WHAT YOU SHOULD DO:
Restate, word for word, each entry that follows, but skip its pictures.

── DATA SHOWN ──

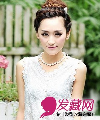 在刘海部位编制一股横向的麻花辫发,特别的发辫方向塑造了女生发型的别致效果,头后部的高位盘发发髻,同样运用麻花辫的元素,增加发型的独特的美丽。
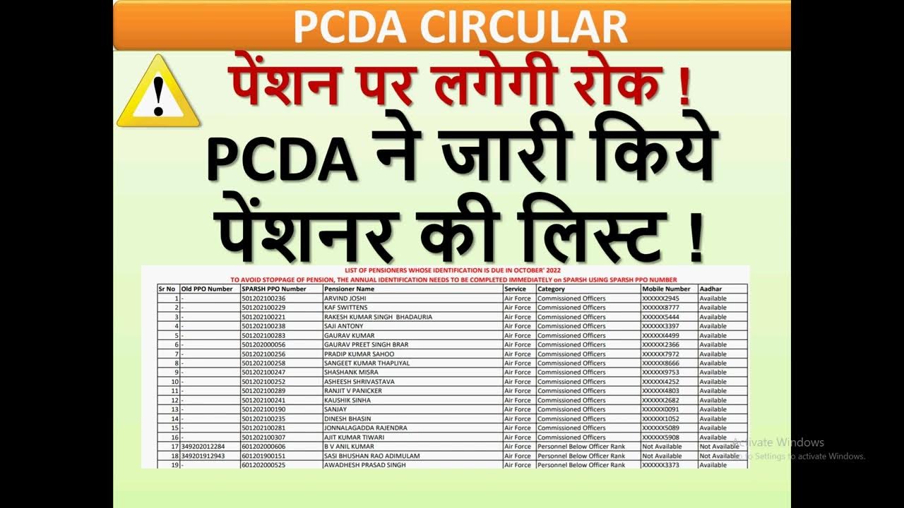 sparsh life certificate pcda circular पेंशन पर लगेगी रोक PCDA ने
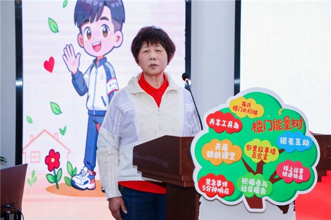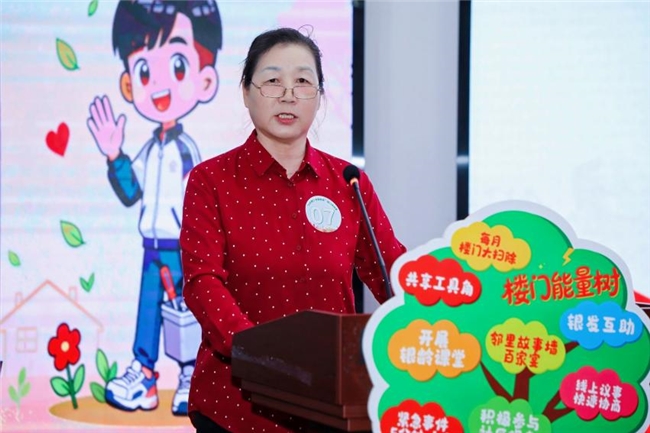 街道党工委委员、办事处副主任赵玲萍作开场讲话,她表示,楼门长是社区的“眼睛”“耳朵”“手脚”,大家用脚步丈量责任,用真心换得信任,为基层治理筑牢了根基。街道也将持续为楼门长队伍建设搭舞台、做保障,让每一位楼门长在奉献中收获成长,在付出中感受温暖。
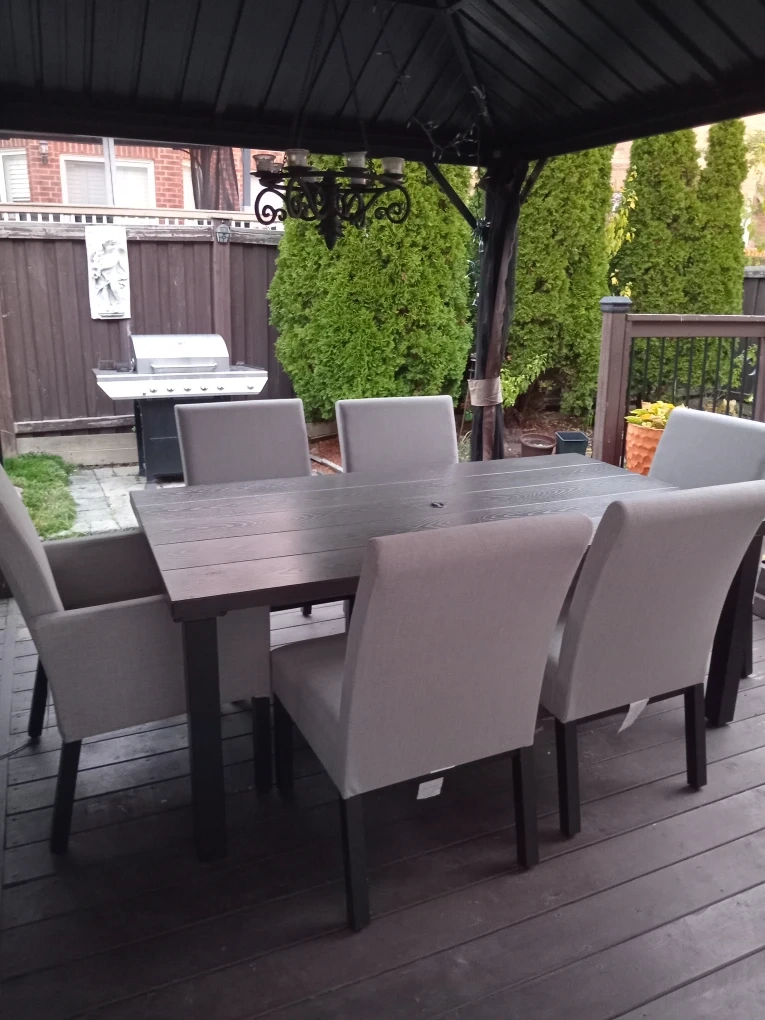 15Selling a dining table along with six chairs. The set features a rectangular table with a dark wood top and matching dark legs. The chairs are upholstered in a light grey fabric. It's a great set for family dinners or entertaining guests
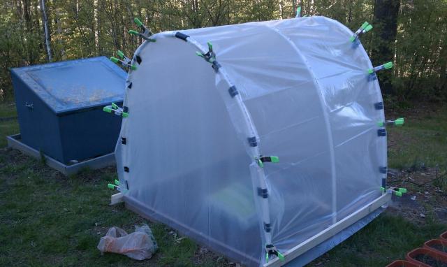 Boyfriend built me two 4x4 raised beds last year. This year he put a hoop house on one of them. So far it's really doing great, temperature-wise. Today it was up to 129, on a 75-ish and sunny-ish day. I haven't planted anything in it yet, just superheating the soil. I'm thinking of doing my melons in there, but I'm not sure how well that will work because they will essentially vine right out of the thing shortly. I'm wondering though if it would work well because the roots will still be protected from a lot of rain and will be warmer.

───

PROBLEM SOLUTION:
 在刘海部位编制一股横向的麻花辫发,特别的发辫方向塑造了女生发型的别致效果,头后部的高位盘发发髻,同样运用麻花辫的元素,增加发型的独特的美丽。
 sparsh life certificate pcda circular पेंशन पर लगेगी रोक PCDA ने
 街道党工委委员、办事处副主任赵玲萍作开场讲话,她表示,楼门长是社区的“眼睛”“耳朵”“手脚”,大家用脚步丈量责任,用真心换得信任,为基层治理筑牢了根基。街道也将持续为楼门长队伍建设搭舞台、做保障,让每一位楼门长在奉献中收获成长,在付出中感受温暖。
 15Selling a dining table along with six chairs. The set features a rectangular table with a dark wood top and matching dark legs. The chairs are upholstered in a light grey fabric. It's a great set for family dinners or entertaining guests
 Boyfriend built me two 4x4 raised beds last year. This year he put a hoop house on one of them. So far it's really doing great, temperature-wise. Today it was up to 129, on a 75-ish and sunny-ish day. I haven't planted anything in it yet, just superheating the soil. I'm thinking of doing my melons in there, but I'm not sure how well that will work because they will essentially vine right out of the thing shortly. I'm wondering though if it would work well because the roots will still be protected from a lot of rain and will be warmer.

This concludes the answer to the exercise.